Reproduce the data exactly.

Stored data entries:
- Opening Delimiter -

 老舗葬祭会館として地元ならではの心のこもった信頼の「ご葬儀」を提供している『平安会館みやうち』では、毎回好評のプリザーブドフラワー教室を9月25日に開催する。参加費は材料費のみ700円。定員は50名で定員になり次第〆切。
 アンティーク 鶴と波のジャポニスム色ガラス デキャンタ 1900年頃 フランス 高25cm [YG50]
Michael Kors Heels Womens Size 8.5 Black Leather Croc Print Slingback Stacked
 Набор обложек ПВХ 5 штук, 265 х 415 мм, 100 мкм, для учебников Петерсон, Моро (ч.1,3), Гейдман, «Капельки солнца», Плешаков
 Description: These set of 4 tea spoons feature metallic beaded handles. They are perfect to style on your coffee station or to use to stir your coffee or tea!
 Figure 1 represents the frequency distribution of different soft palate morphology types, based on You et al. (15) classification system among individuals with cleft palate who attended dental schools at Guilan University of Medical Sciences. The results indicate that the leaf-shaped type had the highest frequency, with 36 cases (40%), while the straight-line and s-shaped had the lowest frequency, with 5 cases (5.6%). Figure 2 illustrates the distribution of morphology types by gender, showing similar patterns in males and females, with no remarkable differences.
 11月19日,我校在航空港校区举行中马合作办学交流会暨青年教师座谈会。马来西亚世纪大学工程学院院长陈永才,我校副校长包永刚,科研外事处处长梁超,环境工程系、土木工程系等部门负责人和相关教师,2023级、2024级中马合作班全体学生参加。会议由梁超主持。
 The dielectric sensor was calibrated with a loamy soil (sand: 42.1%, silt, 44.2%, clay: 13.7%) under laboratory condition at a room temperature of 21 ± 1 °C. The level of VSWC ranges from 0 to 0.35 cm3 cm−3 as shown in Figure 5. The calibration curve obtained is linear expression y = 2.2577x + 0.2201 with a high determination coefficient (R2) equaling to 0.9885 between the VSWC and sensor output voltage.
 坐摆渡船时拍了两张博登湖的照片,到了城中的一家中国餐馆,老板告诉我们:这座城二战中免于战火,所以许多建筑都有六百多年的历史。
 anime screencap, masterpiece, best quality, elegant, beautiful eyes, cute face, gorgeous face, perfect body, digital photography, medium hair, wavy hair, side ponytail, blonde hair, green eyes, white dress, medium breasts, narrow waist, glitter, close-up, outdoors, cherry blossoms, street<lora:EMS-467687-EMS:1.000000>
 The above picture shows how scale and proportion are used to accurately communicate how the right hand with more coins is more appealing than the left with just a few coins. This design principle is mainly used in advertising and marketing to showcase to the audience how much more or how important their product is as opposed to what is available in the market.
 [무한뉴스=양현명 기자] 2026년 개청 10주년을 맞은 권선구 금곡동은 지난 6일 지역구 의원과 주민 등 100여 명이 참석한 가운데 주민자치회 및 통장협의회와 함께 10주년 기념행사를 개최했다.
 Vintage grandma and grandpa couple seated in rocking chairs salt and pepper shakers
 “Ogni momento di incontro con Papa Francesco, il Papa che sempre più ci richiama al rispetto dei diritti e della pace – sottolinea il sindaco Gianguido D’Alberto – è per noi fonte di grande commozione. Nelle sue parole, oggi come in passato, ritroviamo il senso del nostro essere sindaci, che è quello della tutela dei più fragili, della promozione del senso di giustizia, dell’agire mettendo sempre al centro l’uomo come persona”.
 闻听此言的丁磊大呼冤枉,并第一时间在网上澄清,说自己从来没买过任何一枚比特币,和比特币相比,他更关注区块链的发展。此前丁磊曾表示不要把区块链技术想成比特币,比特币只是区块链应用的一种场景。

- Closing Delimiter -

▶ Response area:
 老舗葬祭会館として地元ならではの心のこもった信頼の「ご葬儀」を提供している『平安会館みやうち』では、毎回好評のプリザーブドフラワー教室を9月25日に開催する。参加費は材料費のみ700円。定員は50名で定員になり次第〆切。
 アンティーク 鶴と波のジャポニスム色ガラス デキャンタ 1900年頃 フランス 高25cm [YG50]
Michael Kors Heels Womens Size 8.5 Black Leather Croc Print Slingback Stacked
 Набор обложек ПВХ 5 штук, 265 х 415 мм, 100 мкм, для учебников Петерсон, Моро (ч.1,3), Гейдман, «Капельки солнца», Плешаков
 Description: These set of 4 tea spoons feature metallic beaded handles. They are perfect to style on your coffee station or to use to stir your coffee or tea!
 Figure 1 represents the frequency distribution of different soft palate morphology types, based on You et al. (15) classification system among individuals with cleft palate who attended dental schools at Guilan University of Medical Sciences. The results indicate that the leaf-shaped type had the highest frequency, with 36 cases (40%), while the straight-line and s-shaped had the lowest frequency, with 5 cases (5.6%). Figure 2 illustrates the distribution of morphology types by gender, showing similar patterns in males and females, with no remarkable differences.
 11月19日,我校在航空港校区举行中马合作办学交流会暨青年教师座谈会。马来西亚世纪大学工程学院院长陈永才,我校副校长包永刚,科研外事处处长梁超,环境工程系、土木工程系等部门负责人和相关教师,2023级、2024级中马合作班全体学生参加。会议由梁超主持。
 The dielectric sensor was calibrated with a loamy soil (sand: 42.1%, silt, 44.2%, clay: 13.7%) under laboratory condition at a room temperature of 21 ± 1 °C. The level of VSWC ranges from 0 to 0.35 cm3 cm−3 as shown in Figure 5. The calibration curve obtained is linear expression y = 2.2577x + 0.2201 with a high determination coefficient (R2) equaling to 0.9885 between the VSWC and sensor output voltage.
 坐摆渡船时拍了两张博登湖的照片,到了城中的一家中国餐馆,老板告诉我们:这座城二战中免于战火,所以许多建筑都有六百多年的历史。
 anime screencap, masterpiece, best quality, elegant, beautiful eyes, cute face, gorgeous face, perfect body, digital photography, medium hair, wavy hair, side ponytail, blonde hair, green eyes, white dress, medium breasts, narrow waist, glitter, close-up, outdoors, cherry blossoms, street<lora:EMS-467687-EMS:1.000000>
 The above picture shows how scale and proportion are used to accurately communicate how the right hand with more coins is more appealing than the left with just a few coins. This design principle is mainly used in advertising and marketing to showcase to the audience how much more or how important their product is as opposed to what is available in the market.
 [무한뉴스=양현명 기자] 2026년 개청 10주년을 맞은 권선구 금곡동은 지난 6일 지역구 의원과 주민 등 100여 명이 참석한 가운데 주민자치회 및 통장협의회와 함께 10주년 기념행사를 개최했다.
 Vintage grandma and grandpa couple seated in rocking chairs salt and pepper shakers
 “Ogni momento di incontro con Papa Francesco, il Papa che sempre più ci richiama al rispetto dei diritti e della pace – sottolinea il sindaco Gianguido D’Alberto – è per noi fonte di grande commozione. Nelle sue parole, oggi come in passato, ritroviamo il senso del nostro essere sindaci, che è quello della tutela dei più fragili, della promozione del senso di giustizia, dell’agire mettendo sempre al centro l’uomo come persona”.
 闻听此言的丁磊大呼冤枉,并第一时间在网上澄清,说自己从来没买过任何一枚比特币,和比特币相比,他更关注区块链的发展。此前丁磊曾表示不要把区块链技术想成比特币,比特币只是区块链应用的一种场景。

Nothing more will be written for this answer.